Dataset excerpts:
★ ★ ★ ★ ★ ★ ★
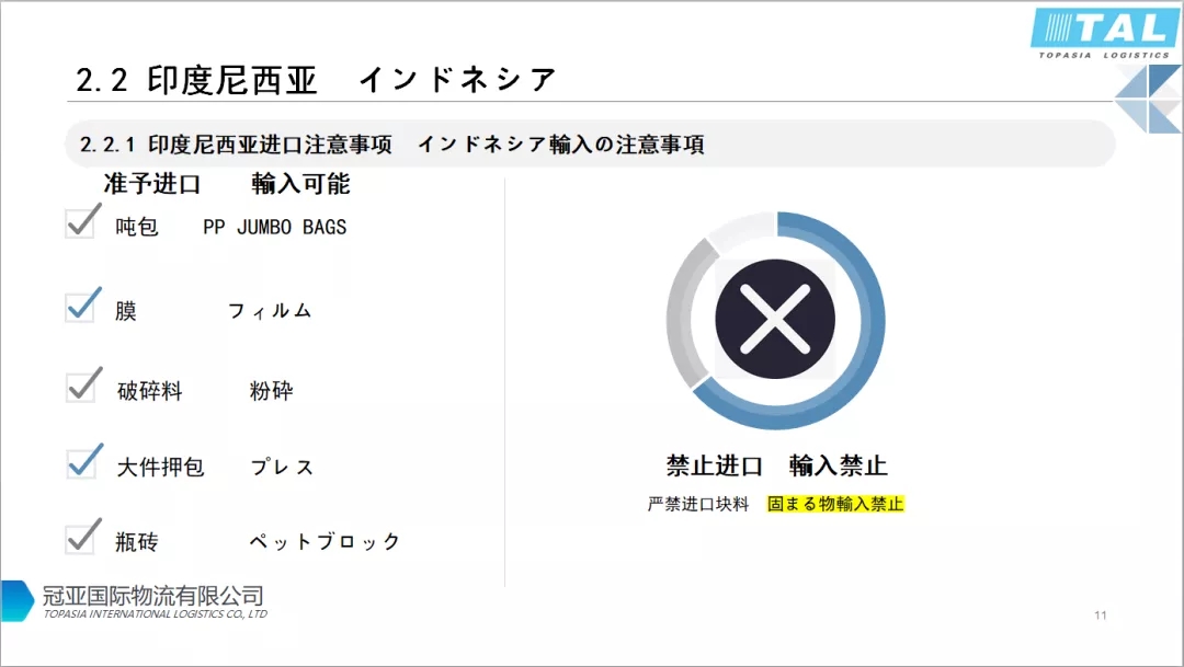 ????????印度尼西亚块料不让进, 吨包,95膜,破碎料,大件押包,瓶砖,可以进口。2019年进口清关都很顺畅,特别是巴淡免税岛,清关成本只有300美金一柜,大量PE膜从世界各地发往巴淡港,最高峰一个月巴淡岛进口了5000柜左右。
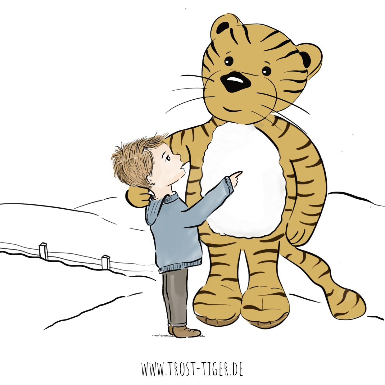 „Hallo, kannst Du mir helfen? Da wo mein Herz sitzt, tut es ganz schön weh!“, sagte der kleine Junge Tino zum Trost-Tiger. „Ich kann dir deinen Schmerz leider nicht abnehmen. Aber ich halte ihn mit dir aus!“, sagte der Trost-Tiger.
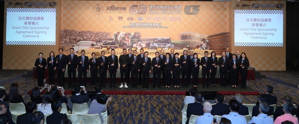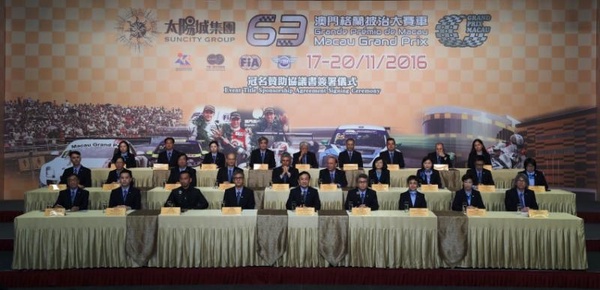 A 63ª edição do evento desportivo anual em Macau, o Grande Prémio de Macau, terá lugar de 17 a 20 de Novembro de 2016. A Comissão Organizadora do Grande Prémio de Macau teve a cerimónia da assinatura do acordo hoje (dia 18 de Julho) no Centro de Convenções e Entretenimento da Torre de Macau, com a presença do Doutor Alexis Tam Chon Weng, Secretário para os Assuntos Sociais e Cultura do Governo da Região Administrativa Especial de Macau e Presidente da Comissão Organizadora do Grande Prémio de Macau, testemunhou a assinatura do acordo do Título de Patrocínio entre Instituto do Desporto do Governo da RAEM e Suncity Grupo.
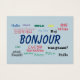 Bonjour Hello Languages World Viagem Colorful design, cumprimentando em vários idiomas. Frente design: Alô nos seguintes idiomas: português do Brasil, chinês, holandês, inglês, francês, alemão, Hausa, Igbo, italiano, jamaicano Patois, japonês, coreano, norueguês, espanhol, sueco, tailandês e Yoruba. Espaço para adicionar "saudação" em outros idiomas acima e abaixo, para substituir idiomas e/ou movê-los. Design de trás: Modelos para informações de contato comercial, incluindo nome da empresa, nome, cargo, telefone, email e contato profissional.
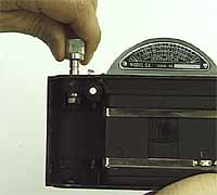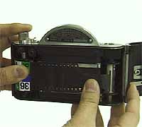 Raise the rewind knob and insert the film cassette. Pull down the rewind knob and slide the film leading tip in the take-up spool.
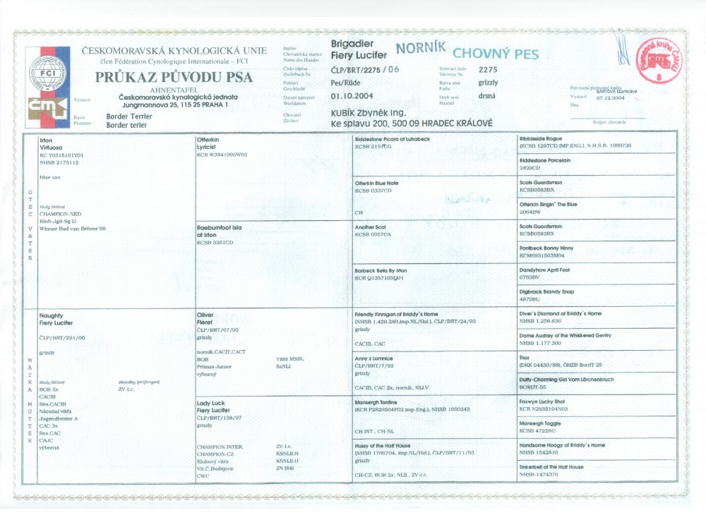 Chovatel: Zbyněk Kubík, Ke splavu 200, 500 09 Hradec Králové
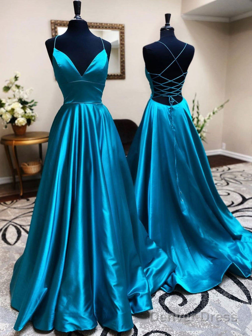 A-Line Blue Satin Long Prom Dress, Blue Formal Evening Dresses
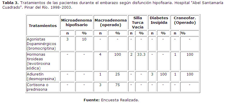 En la tabla 3 se muestran los tratamientos de las pacientes durante el embarazo, según el tipo de disfunción hipofisaria. Observamos que sólo 3 pacientes con diagnóstico de microadenoma hipofisario usaron agonistas dopaminérgicos. Las pacientes con macroadenoma operado usaban tratamiento sustitutivo con hormonas tiroideas y corticosteroides. El 100% de las pacientes con diabetes insípida usaban el Adiuretín (desmopresina) por vía nasal.
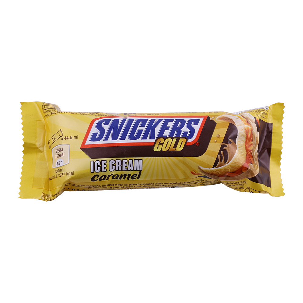 Satisfy your sweet cravings with Snickers Gold Caramel Ice Cream! Indulge in a creamy vanilla ice cream base swirled with gooey caramel and crunchy peanut pieces, all covered in a luscious golden coating. This delightful treat is perfect for any time of day.
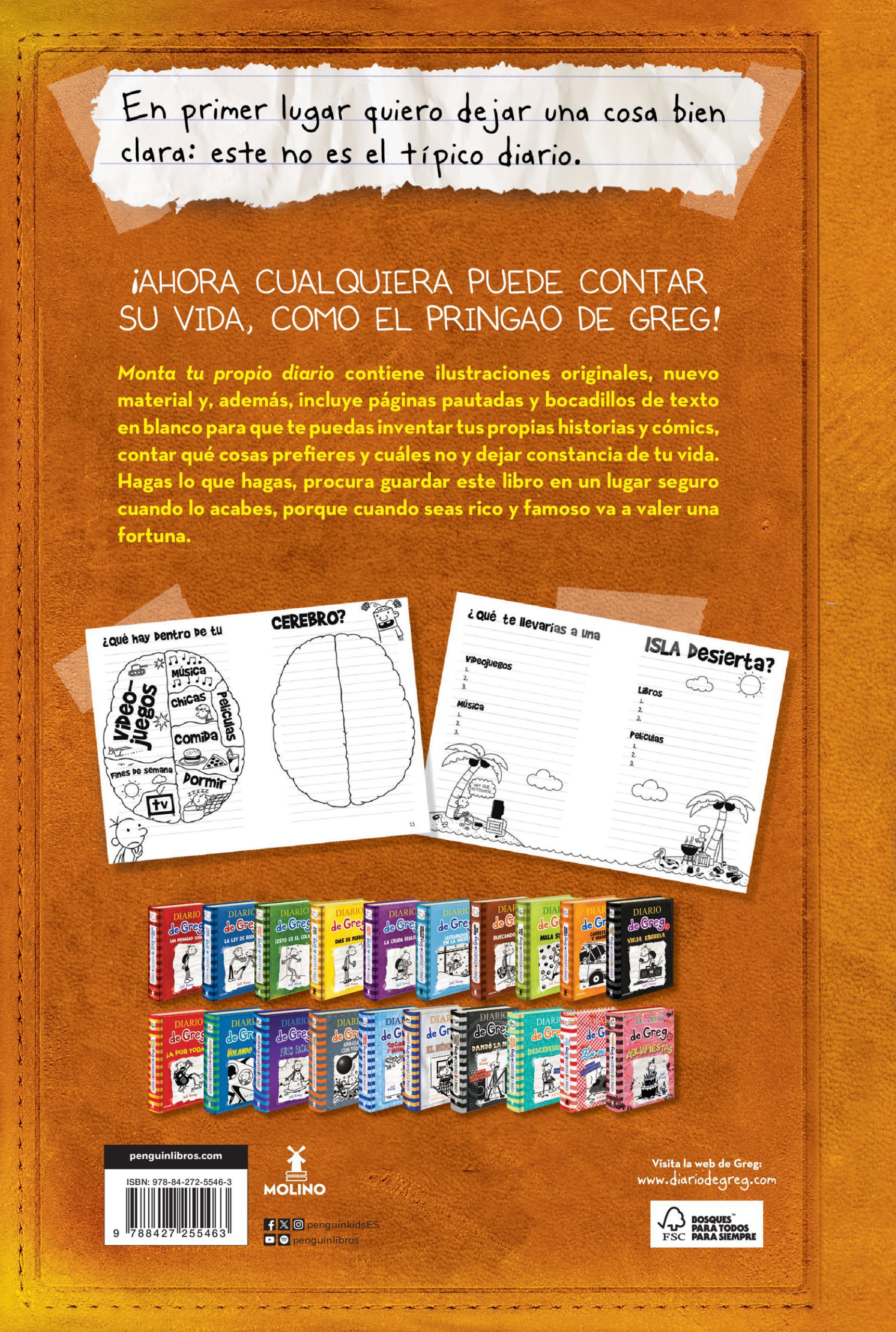 «En primer lugar quiero dejar una cosa bien clara: este no es el típico diario». ¡AHORA CUALQUIERA PUEDE CONTAR SU VIDA, COMO EL PRINGAO DE GREG! MONTA TU PROPIO DIARIO contiene ilustraciones originales, nuevo material y, además, incluye páginas pautadas y bocadillos de texto en blanco para que te puedas inventar tus propias historias y cómics, contar qué cosas prefieres y cuáles no, y dejar constancia de tu vida. Hagas lo que hagas, procura guardar este libro en un lugar seguro cuando lo acabes, porque cuando seas rico y famoso va a valer una fortuna.
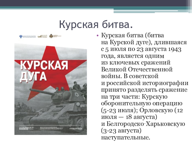 В советской и российской историографии принято разделять сражение на три части: Курскую оборонительную операцию (5-23 июля); Орловскую (12 июля — 18 августа) и Белгородско‑Харьковскую (3-23 августа) наступательные.
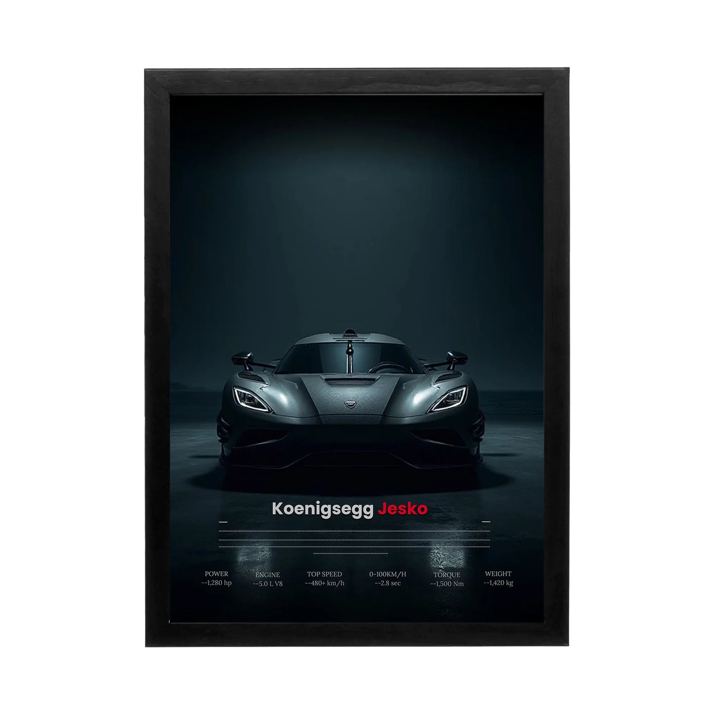Experience the raw power and innovation of the Koenigsegg Jesko with this stunning poster. Capturing the fierce elegance and cutting-edge technology that defines this supercar, the design harmonizes striking visuals with vital specifications, such as 1,250 hp and a top speed of 480 km/h. Hang this piece on your wall as an homage to automotive excellence, perfect for any car enthusiast looking to elevate their space with a touch of speed and sophistication.
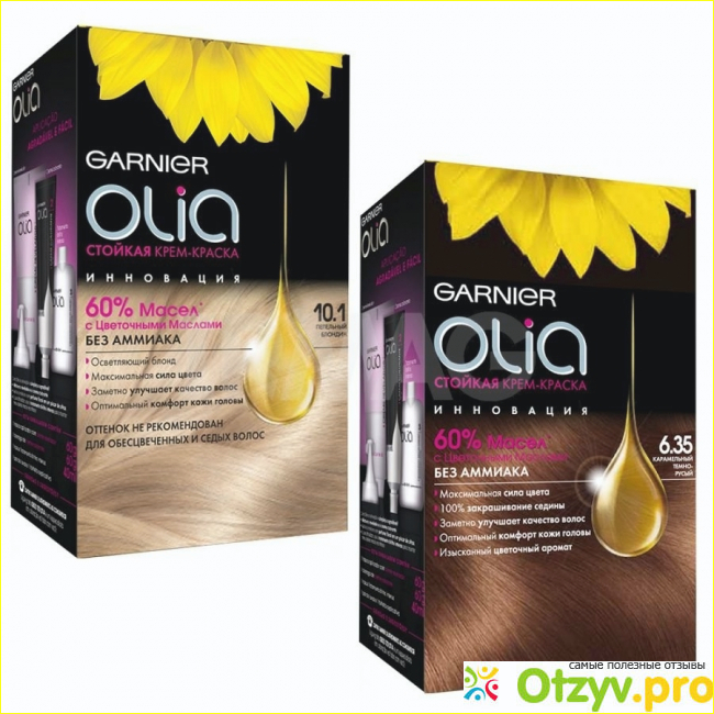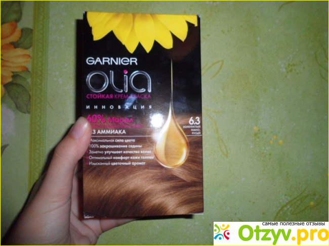 Стала искать по отзывам женщин, какая краска без аммиака действительно хорошая и в результате дает цвет, максимально приближенный к обещанному. Нашла целую статью про Garnier «Olia». Конечно, статья была рекламной, но отзывы об этой краске тоже самые хорошие и обнадеживающие. И как попробовала я ей покраситься один раз, так и стала данная краска мои фаворитом!
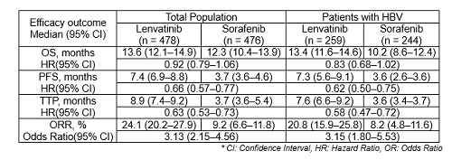 TOKYO, Sept 19, 2017 - (JCN Newswire) - Eisai Co., Ltd. has announced that the results of a subpopulation analysis of patients with hepatitis B virus (HBV) coinfection in a Phase III trial (REFLECT / Study 304) of its in-house discovered and developed anticancer agent lenvatinib mesylate (product names: Lenvima / Kisplyx, "lenvatinib") versus sorafenib as a first-line treatment for unresectable HCC were presented for the first time during the 11th Annual Conference of the International Liver Cancer Association (ILCA) held in Seoul, South Korea. In the total population analysis of this study, the treatment effect of lenvatinib for all patients on the primary endpoint of Overall Survival (OS) was demonstrated by statistical confirmation of non-inferiority to sorafenib. Lenvatinib showed highly statistically significant and clinically meaningful improvements in the secondary endpoints of Progression Free Survival (PFS), Time To Progression (TTP), and Objective Response Rate (ORR). The analysis results presented at ILCA indicate that in comparison to the total population, lenvatinib demonstrated a lower hazard ratio for OS, FPS, and TTP, and a higher odds ratio for ORR in the subpopulation of patients with HBV (See table below). HBV is considered to be a negative predictor of tumor response to existing drug therapies, so lenvatinib, which demonstrated a therapeutic effect in patients with HBV, is expected to be a new treatment option for patients with HCC.
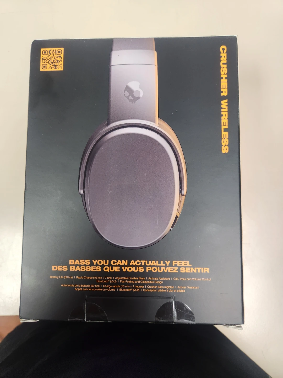 Selling a brand new pair of Skullcandy Crusher Wireless headphones. The box highlights the awesome bass you can actually feel! These headphones have a battery life of 50 hours and feature rapid charge. Control music and calls with ease. The box is included
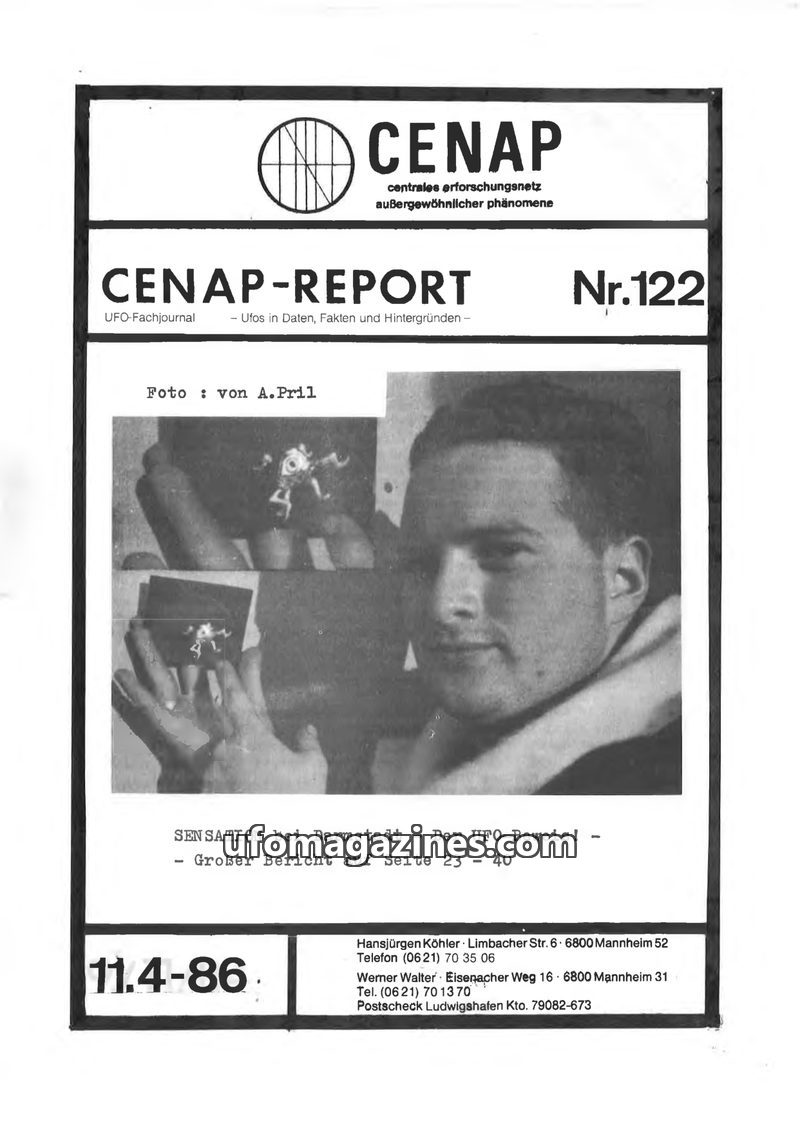 This issue of CENAP-REPORT details a series of UFO sightings in Ludwigshafen, Germany, in April 1988, involving the Glück and Gögdak families. The phenomena were initially describe
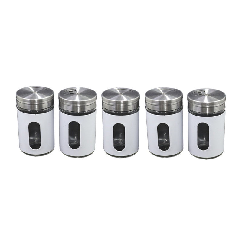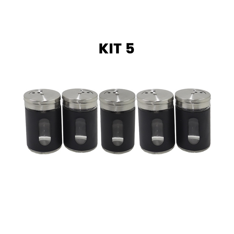 Kit 5 Saleiro Pimenteiro Porta Condimentos Inox Visor Em Vidro
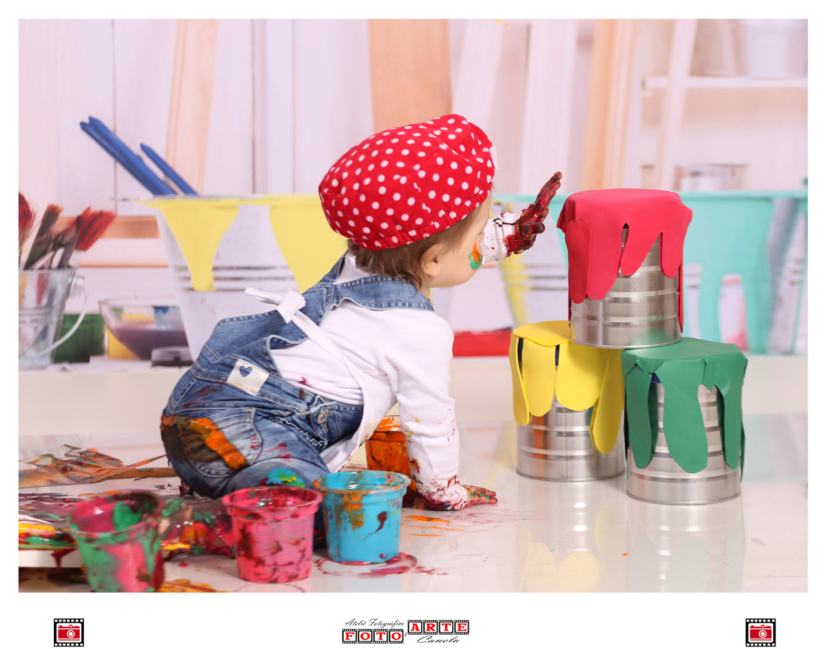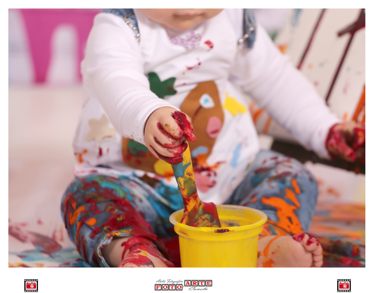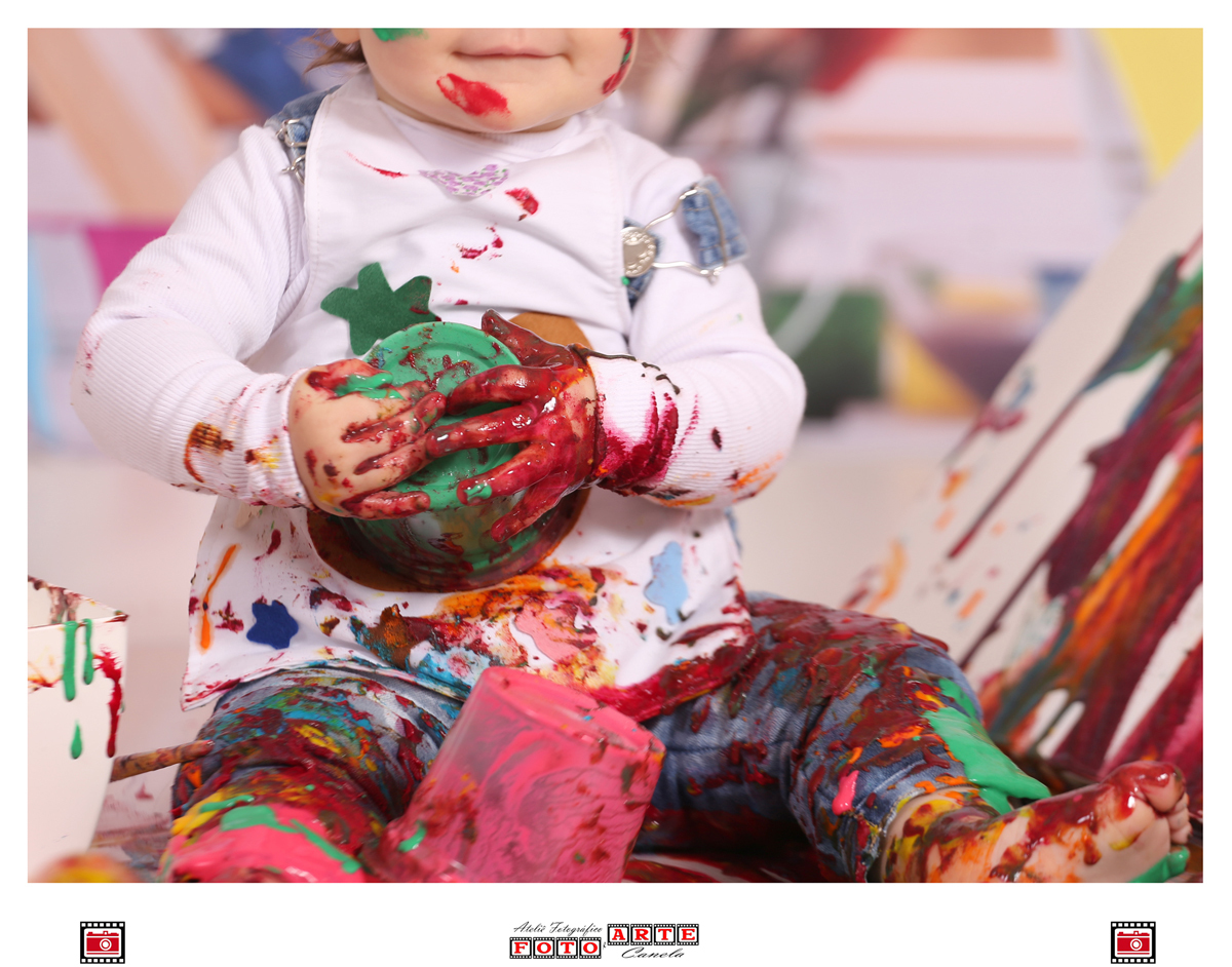 E a Aurora pintou de todas as cores, pintou o sete, o estúdio, pintou a nossa manhã de alegria e de muita fofura, ela curtiu muito o seu ensaio com as tintas coloridas!
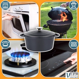 Sobib gaasile, elektrile, keraamilisele klaasile, halogeenile ja induktsioonile. Talub kõrgeid temperatuure ahjus ja grillil.
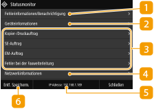 Wenn Sie <Statusmonitor> drücken, wird ein Bildschirm angezeigt, auf dem Sie den Fortschritt von Dokumenten sowie den Status des Geräts und die Netzwerkeinstellungen überprüfen können.
★ ★ ★ ★ ★ ★ ★
- [Work instruction] Leave out the pictures. Return exactly the lines from the first line of the records to the line bearing "A-Line Blue Satin", inclusive.

- [Written response]
 ????????印度尼西亚块料不让进, 吨包,95膜,破碎料,大件押包,瓶砖,可以进口。2019年进口清关都很顺畅,特别是巴淡免税岛,清关成本只有300美金一柜,大量PE膜从世界各地发往巴淡港,最高峰一个月巴淡岛进口了5000柜左右。
 „Hallo, kannst Du mir helfen? Da wo mein Herz sitzt, tut es ganz schön weh!“, sagte der kleine Junge Tino zum Trost-Tiger. „Ich kann dir deinen Schmerz leider nicht abnehmen. Aber ich halte ihn mit dir aus!“, sagte der Trost-Tiger.
 A 63ª edição do evento desportivo anual em Macau, o Grande Prémio de Macau, terá lugar de 17 a 20 de Novembro de 2016. A Comissão Organizadora do Grande Prémio de Macau teve a cerimónia da assinatura do acordo hoje (dia 18 de Julho) no Centro de Convenções e Entretenimento da Torre de Macau, com a presença do Doutor Alexis Tam Chon Weng, Secretário para os Assuntos Sociais e Cultura do Governo da Região Administrativa Especial de Macau e Presidente da Comissão Organizadora do Grande Prémio de Macau, testemunhou a assinatura do acordo do Título de Patrocínio entre Instituto do Desporto do Governo da RAEM e Suncity Grupo.
 Bonjour Hello Languages World Viagem Colorful design, cumprimentando em vários idiomas. Frente design: Alô nos seguintes idiomas: português do Brasil, chinês, holandês, inglês, francês, alemão, Hausa, Igbo, italiano, jamaicano Patois, japonês, coreano, norueguês, espanhol, sueco, tailandês e Yoruba. Espaço para adicionar "saudação" em outros idiomas acima e abaixo, para substituir idiomas e/ou movê-los. Design de trás: Modelos para informações de contato comercial, incluindo nome da empresa, nome, cargo, telefone, email e contato profissional.
 Raise the rewind knob and insert the film cassette. Pull down the rewind knob and slide the film leading tip in the take-up spool.
 Chovatel: Zbyněk Kubík, Ke splavu 200, 500 09 Hradec Králové
 A-Line Blue Satin Long Prom Dress, Blue Formal Evening Dresses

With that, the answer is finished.